AKS is a complicated behemoth, anywhere you can cut down on complexity while still ticking all the security boxes is an absolute win.
Still on the topic of AKS Security, AKS has several areas which if architected well can provide excellent security benefits. This includes role-based-access control and guardrails for developers to ensure a minimum level of compliance with each AKS deployment.
Design your namespace strategy early, this will make it easier to roll-out AKS to the wider organisation, for people to learn and adopt AKS within your organisation and ensure security permissions and policies can be applied effectively to relevant spaces within your cluster. Part-and-parcel with developing namespaces is understanding what level of access you need to give developers to the AKS cluster itself. The rise of DevOps requires greater permissions for developers to efficiently do their job, this is where Namespaces are a great way to effectively manage permissions between different development teams.

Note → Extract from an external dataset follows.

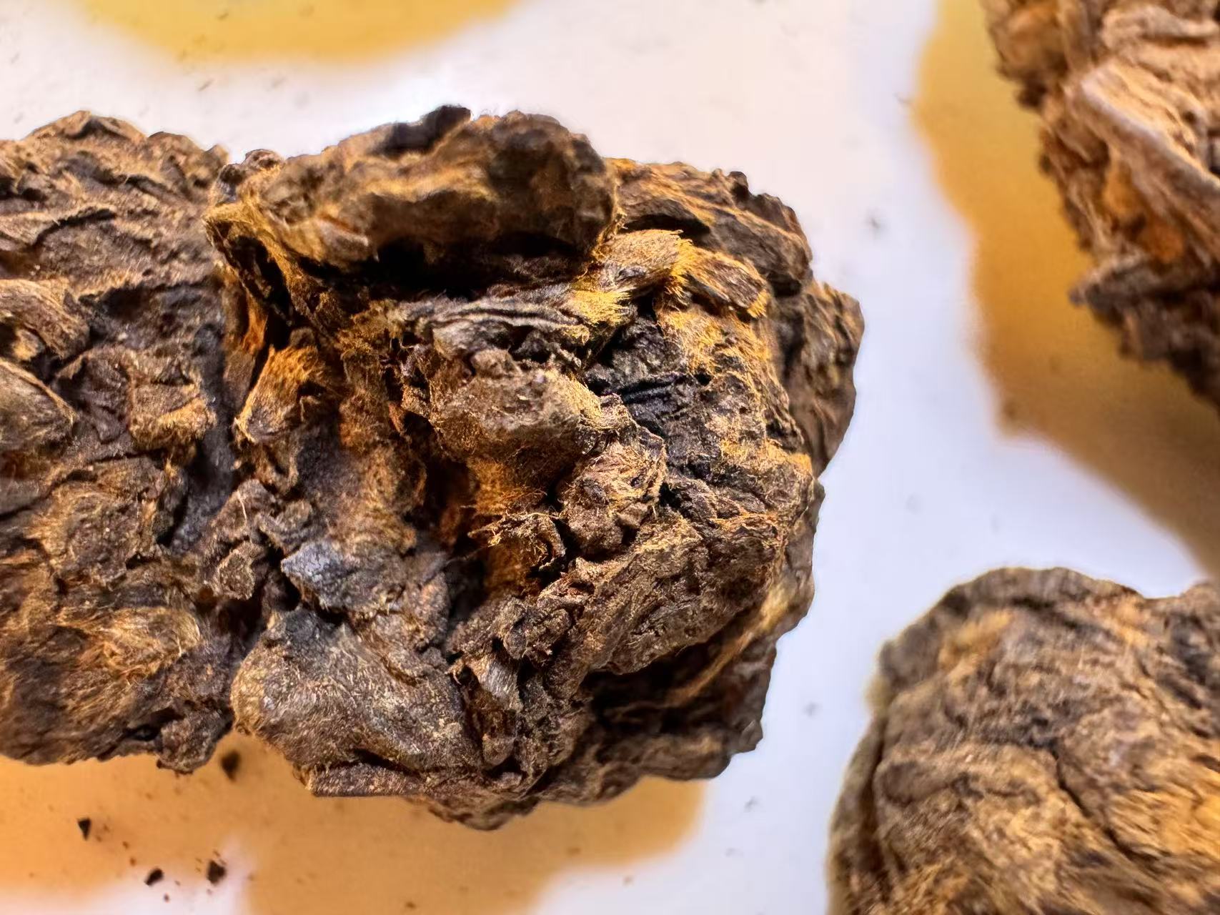 普洱茶在渥堆发酵时,会稀释出大量果胶,部分茶叶会凝聚成块。这样的茶块被称为”老茶头”,此类茶汤感饱满、醇厚、极耐泡、汤色明亮、香气更浓郁。

Using an admission controller like Gatekeeper will provide guardrails to developers when building deployments for AKS. This is essential for making sure developers use the right type of mounted storage or do not forget to assign enough memory or CPU. Admission Controls do not need to be onerous but provide a great way to ensure developers build compliant deployments.

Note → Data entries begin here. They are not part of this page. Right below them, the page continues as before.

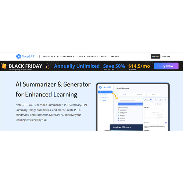 Optimize your learning with this multifunctional AI assistant. Summarize YouTube videos, PDFs, articles, generate mind maps and organize your notes more intelligently.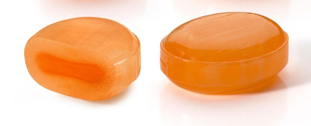 The production speed can reach 2T per hour (considering a standard product dimension and weight). It’s our recommended solution for confectionery or pharmaceutical producers who need any kind of high volume and high quality lozenges production (sugar, sugar free, filled or not filled) or any producer who needs higher production volumes.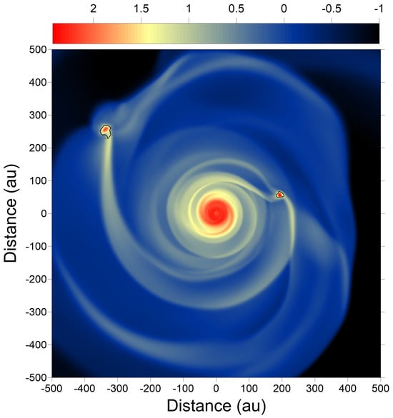 - Vorobyov, E.I.; Elbakyan, V.G. Gravitational fragmentation and formation of giant protoplanets on orbits of tens of au. Astron. Astrophys. 2018, 618, A7. [Google Scholar] [CrossRef]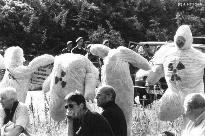 "Auch hier wollen wir nicht tot überm Zaun hängen!" Kreative Einfälle bereichern jede Demo: Eine Gruppe aus Osnabrück hatte die weißverkleideten Strohpuppen über den Zaun vor einer der gut bewachten Atomanlagen in Gorleben gehängt, zusammen mit einem Transparent mit o.a. Text. 5000 AKW-GegnerInnen versammelten sich am Samstag, den 23.09.00 zu einer unerwartet großen Demonstration vor den Atomanlagen im Wald bei Gorleben. Damit hat die Anti-AKW-Bewegung überaus eindrucksvoll gezeigt, daß mit ihr wieder zu rechnen ist, wenn in nächster Zeit wieder Atomtransporte rollen sollen. (22.10.00) |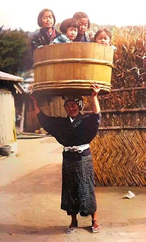 Японка, несущая своих детей в кадушке на голове, Япония, 1900-е.

Integrating AKS with Azure AD is a must. This will keep the permissions and role-based-access model seamless, allow for easy auditing and secure access to the cluster and underlying containers. Users will authenticate against Azure AD instead of the cluster itself, allowing you to indirectly apply advanced secured features, like conditional access policies, to the AKS cluster.
Setup and manage both your applications and AKS environment using CI/CD pipelines in a tool like Azure DevOps. This will help speed up future Cluster deployments and cut down on code drift between environments. Tools like Terraform are great for this, as it integrates well with both the Azure API and Azure DevOps.

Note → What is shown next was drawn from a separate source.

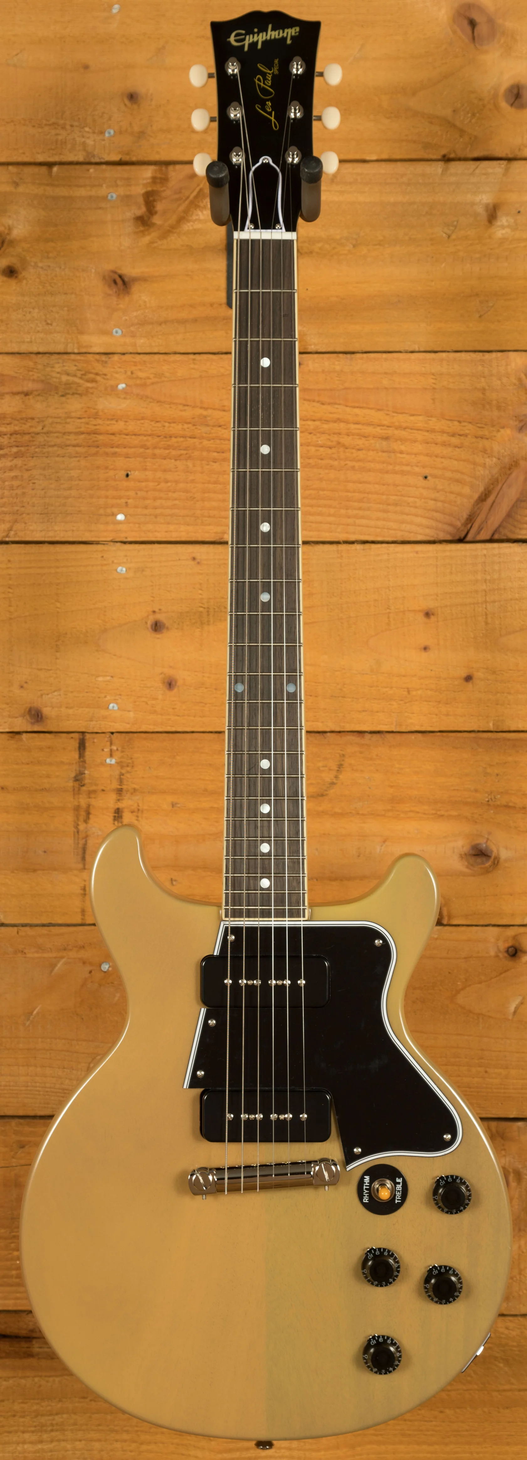 Much like the original Gibson design, this Epiphone model features a slab Mahogany body finished in a classic TV Yellow finish. Thanks to the double cutaway design, this guitar offers excellent access to all areas of the fretboard, making solos super easy. The black pickguard contrasts brilliantly against the TV Yellow finish, these look super classy

Use a key vault like Azure Key Vault for secure management of secrets. While secrets are encoded within AKS storage, it’s only base-64 which is very weak. Anyone with access to the cluster will have access to the secrets. Azure Key Vault will ensure only the AKS service principal and users with permission to a specific key vault can view encrypted secrets.
This one sounds obvious, but keeping production and non-production environments the same is especially important with AKS. When you have different pipelines for prod and non-prod it’s very easy to have even subtle differences in code, dependencies and tool-sets. This becomes critical when cutting over to production and troubleshooting edge case issues later down the track. AKS has a feature for this called Dev Spaces, allowing you to effectively branch off the production cluster to test and debug your code in a safe development environment.
Adoption and Training
Finally, hold internal AKS learning sessions, such as a lunch and learn. This will start socialising AKS with the wider dev teams and get them excited for the opportunity of using AKS for their application deployments. AKS can take a bit to get ones head around, so the best way to start is by taking your organisation with you on the journey of containerisation with Kubernetes.
AKS is a powerful container orchestration tool which benefits from native Azure integrations to make the most out of its capabilities. Hopefully some of these recommendations have helped, enjoy!